From a Hidden Pivot standpoint, the only thing of interest that occurred in this vehicle last week is that it failed by 11.50 points to hit a juicy target at 7023.00 that I'd advertised.  We were therefore unable to get off an opportune short, not because the target was front-run, but because the gratuitous daily blips that have been passing for rallies lately were too weak to reach it.  A logical conclusion is that the clueless meandering within the channel shown is starting to break down, and that the two recent breaches of the lower line might be significant.  I promised to be sparing in my use of the words 'topping process', but that 's what we are lookng at, it would seem, and it has become almost too tedious to watch.  However, since I always try to leave you with a price target no matter how muddled the price action, I'll proffer a bearish one at 6748.00. which comes from conventional A=7027.25 on Feb 3. It can be traded despite the pattern's obviousness,  but I'll recommend it only to those of you who know how to execute a CI (counterintuitive) entry.
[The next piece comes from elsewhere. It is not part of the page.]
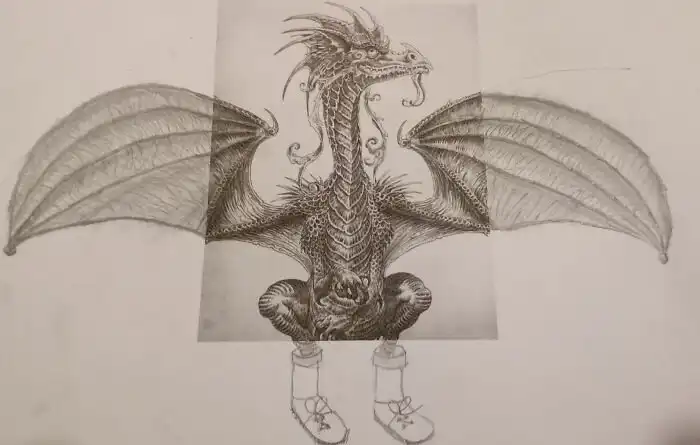 23. "Дочурке дали домашнее задание дорисовать дракону крылья и лапы"
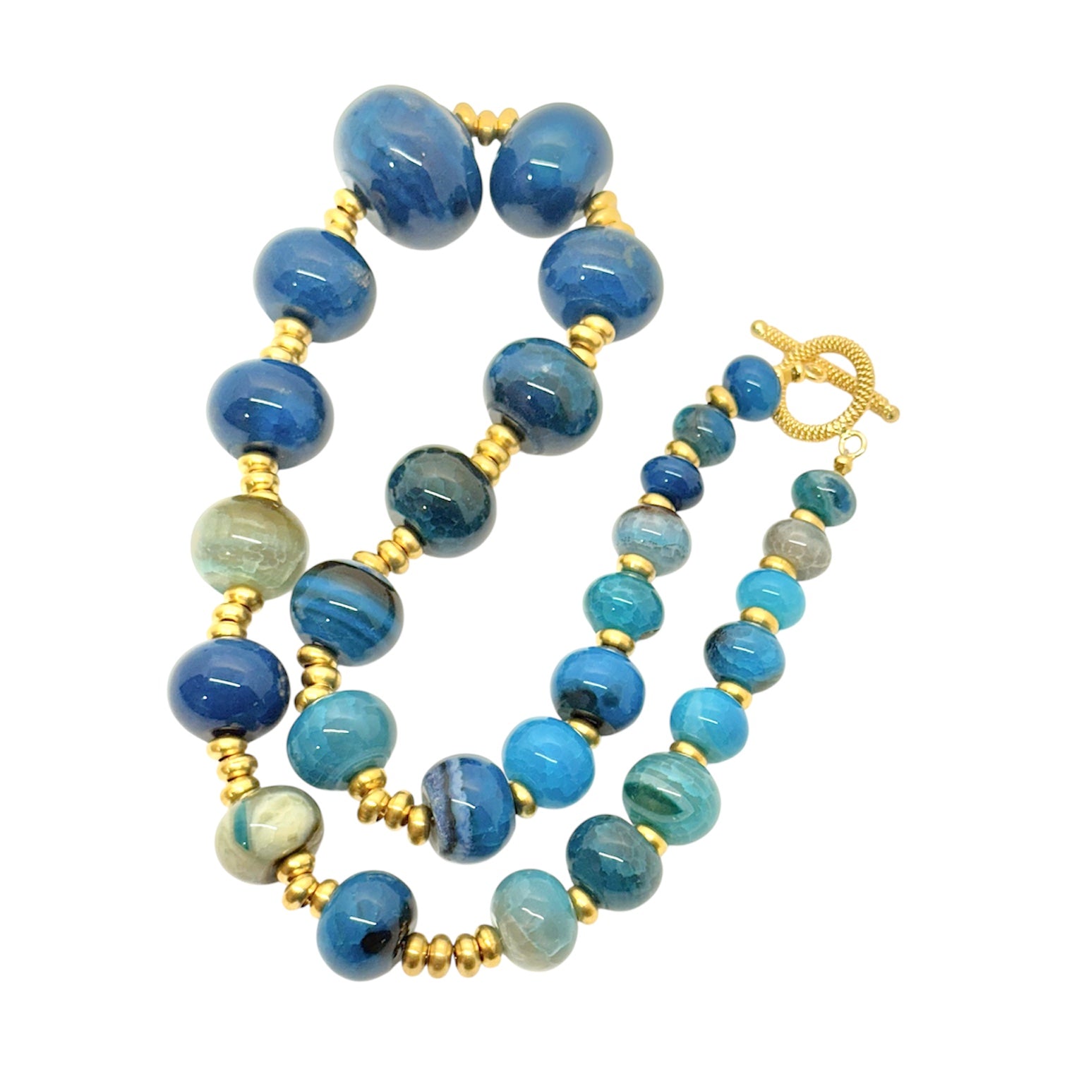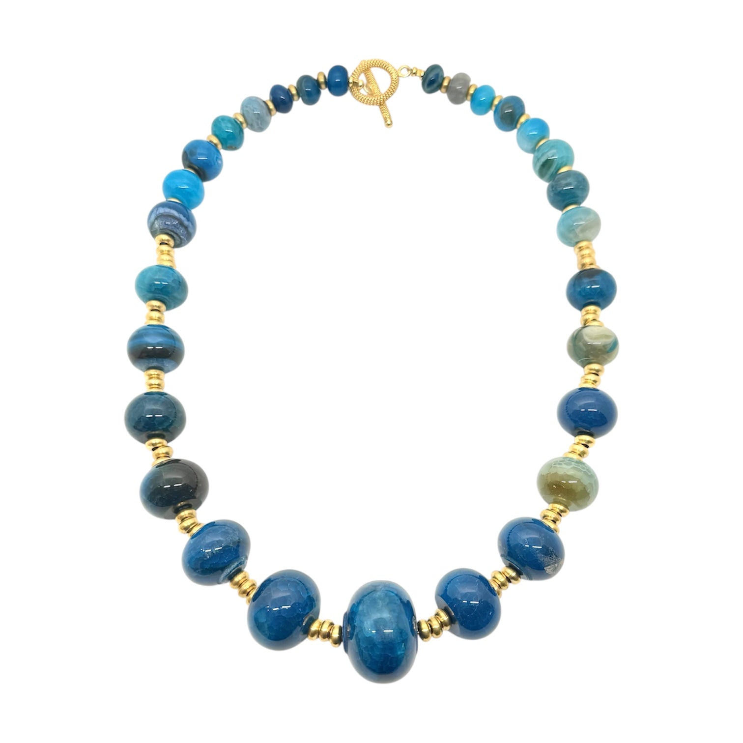 Make a statement with our Ocean Blue Necklace , Inspired by the depths of the sea . Featuring beautiful Ocean Agate stones that shimmer in rich luminous shades of deep blues reminding us of stunning ocean hues.

AAPL – Apple Computer (Last:264.59)

– Posted in: Current Touts Free Rick's Picks

I restored AAPL to the core list last week with reservations. The company is a dim also-ran in the AI race, having only recently found a partner in Google, the creator of Gemini. There is also the chance Musk will eventually make iPhones obsolete. He keeps insisting that Starlink has no phone on the drawing board, but he's probably just trying to screw with Tim Cooke's head.  When the XPhone finally arrives, with superior hardware and no monthly service charge, that will be it for Apple.  Concerning the chart, AAPL's steep slide on Friday triggered a 'mechanical' buy at the green line (259.09), stop 243.41. Ordinarily, we're supposed to feel queasy about excuting such trades, since they will always be going against the trend. In this case, however, I will recommend it only to Pivoteers who know how to fashion a reverse-pattern trigger that risks no more than $3.00 per share theoretical on the entry.  It should be good for a one-level ride to p=274.76 if it works. _______ UPDATE (Feb 20): The long position suggested from 259.09 ended the week $5 in-the-black. Continue to hold for a shot at 274.76, or even 306.09. You can raise the stop-loss to 255.81.